How does InstructPix2Pix v2 work?

InstructPix2Pix v2 takes a source image and text instruction to edit the image according to the instruction. Its diffusion model-based architecture applies targeted changes according to the text command while preserving the structure of the original image. V2 offers enhanced instruction understanding and higher quality editing results.

What is the difference between InstructPix2Pix v2 and v1?

V2 includes significant improvements over v1: better instruction understanding capability, higher visual quality, fewer unwanted changes (better preservation of regions that should not be edited), and support for a wider editing range. Training data and model architecture are also advanced versions.

Is InstructPix2Pix v2 open source?

Yes, InstructPix2Pix v2 is released as open source. Model weights and source code are available on Hugging Face and GitHub. It is offered under suitable license terms for research and commercial use. It continues to be actively developed by the community.

What types of edits can InstructPix2Pix v2 perform?

InstructPix2Pix v2 offers a wide editing range: adding or removing objects, changing colors and materials, style transfer, season or weather changes, lighting adjustments, and artistic style applications. For complex multi-step edits, multiple commands can be applied sequentially.

What hardware is required for InstructPix2Pix v2?

A minimum NVIDIA GPU with 8GB VRAM is recommended for running InstructPix2Pix v2 locally. Since the model is based on Stable Diffusion, it has similar hardware requirements. It can also be used through popular interfaces such as ComfyUI and Automatic1111.

What is the difference between InstructPix2Pix v2 and FLUX.2 Kontext?

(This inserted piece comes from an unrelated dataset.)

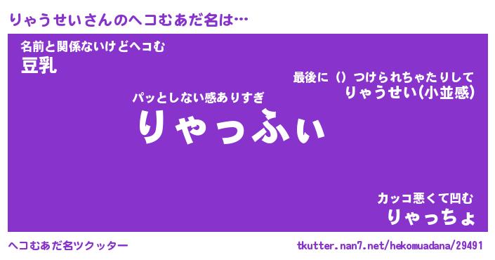 | 男性向けラノベタイトル風あだ名 | 『りゃうせいの憂鬱』 |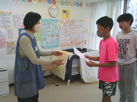 もらいにいきました。子育て広場の職員さんも,参加してくださった保護者のみなさんも

Both perform text-based image editing. InstructPix2Pix v2 is open source and can be run locally, while FLUX.2 Kontext is a proprietary API service. FLUX.2 Kontext generally offers higher editing quality, while InstructPix2Pix v2 stands out for being free and customizable.

InstructPix2Pix v2

Open Source

4.4

UC Berkeley

InstructPix2Pix v2 is an advanced diffusion model developed at UC Berkeley that edits images based on natural language instructions, building upon the success of the original InstructPix2Pix by Tim Brooks and collaborators. The model takes an input image and a text instruction such as 'make it sunset' or 'turn the cat into a dog' and generates the edited result while preserving unrelated parts of the image. Built on a Stable Diffusion backbone with instruction tuning, the v2 version introduces significant improvements in instruction comprehension, output quality, and editing precision compared to its predecessor. The architecture learns to follow complex multi-step instructions and handles nuanced editing requests including style changes, object modifications, color adjustments, weather transformations, and compositional alterations. Unlike mask-based editing approaches, InstructPix2Pix v2 requires no manual region selection as it automatically identifies which parts of the image to modify based on the text instruction. The model with approximately 1.5 billion parameters runs efficiently on consumer GPUs with 8GB or more VRAM. Released under the MIT license, it is fully open source and has been integrated into popular creative tools and workflows including ComfyUI and the Diffusers library. Professional photographers, digital artists, e-commerce teams, and content creators use InstructPix2Pix v2 for rapid iterative editing, product photo enhancement, creative experimentation, and batch processing of visual content where traditional manual editing would be time-prohibitive.

Image Editing

Visit Website

Key Highlights

Text-Based Image Editing

Editing existing images with natural language commands without requiring any masking

Structure Preservation

Preserves the original image's overall structure, composition, and unedited regions during editing

Enhanced Instruction Understanding

Much better text instruction understanding capability than v1 for more accurate and intent-aligned edits

Wide Editing Range

Various editing types such as style changing, object adding/removing, color editing, and environment changes

About

InstructPix2Pix v2 is an advanced diffusion model capable of editing images using natural language instructions, developed as an improved version of the original InstructPix2Pix model. Building on the success of the original InstructPix2Pix developed by Tim Brooks and his team at UC Berkeley, the v2 version offers significant improvements in understanding and applying more complex editing instructions. Thanks to an expanded training dataset and optimized architecture, it has achieved notable performance gains particularly in multi-step and contextual editing tasks. These improvements have made the model a reliable tool for professional editing workflows.

The model's operating principle is highly intuitive: given a source image and a text instruction, the model applies the instruction to the image. Commands like "make the weather snowy," "change the outfit to blue," "add mountains to the background," or "change the photo to sunset lighting" can be given in natural language. The model automatically identifies the region to be modified and preserves the rest of the image. The v2 version's most important improvement is strengthened regional awareness — the model can now more accurately understand spatial references like "remove the flower in the top left corner" and handle complex instruction chains.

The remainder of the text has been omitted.